Jason Jones, MD, Douglas Koch, MD, Steven Vold, MD, Cathleen McCabe, MD, Douglas Rhee, MD, Richard Lewis, MD, Stephen Smith, MD, Quang Nguyen, MD, Thomas Samuelson, MD, for the HORIZON U.S. investigators
Stenting of Schlemm’s canal in combination with cataract surgery resulted in a significant reduction in diurnal IOP, as well as reduced medication use, compared to phaco alone in U.S. patients with mild to moderate primary open angle glaucoma (POAG) who were part of the HORIZON trial. Of the 38 clinical centers that were part of the prospective, single-masked, randomized controlled clinical trial, 26 sites were in the U.S. Investigators in this study evaluated the safety and efficacy of the Hydrus Microstent (Ivantis) to reduce diurnal IOP and medications among the U.S. cohort. A total of 219 eyes were randomized to receive the microstent in combination with cataract surgery and 112 eyes received phaco alone, serving as a control. Diurnal IOP was reduced by 20% or more in 78.5% of eyes in the microstent group compared to 54.5% of control group eyes. More than 78% of eyes in the microstent group were medication-free at 24 months of follow-up, compared to 39.2% in the phaco group. The mean change in number of medications between the microstent and control group was –1.2 ± 0.9 and –0.8 ± 1.1, respectively.

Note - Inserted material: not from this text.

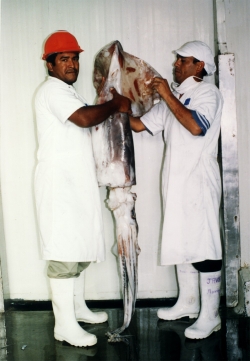 Und so sehen die Riesenkalamaris aus: Es gibt unendliche große Mengen davon, so dass die Bestände nicht gefährdet sind. Hieraus werden dann die Filets geschnitten.

Comparative meta-analysis of toric intraocular lens alignment accuracy between image-guided system versus manual marking in cataract patients

Fengqi Zhou, MD, Wu Jiang, MD, Zhuoling Lin, MD, Xiaoyan Li, MD, Jing Li,
Haotian Lin, MD, Weirong Chen, MD, Qiwei Wang MD

A meta-analysis of toric IOL alignment comparing accuracy of image-guided technology with manual marking found use of an image-guided system resulted in better alignment accuracy, a smaller difference vector, and reduced postop astigmatism. Five studies totaling 257 eyes were included in this analysis. Studies were assessed based on methodological quality from a modified QUADAS-2 tool; continuous variables were assessed with weighted mean differences and dichotomous variables were assessed with an odds ratio.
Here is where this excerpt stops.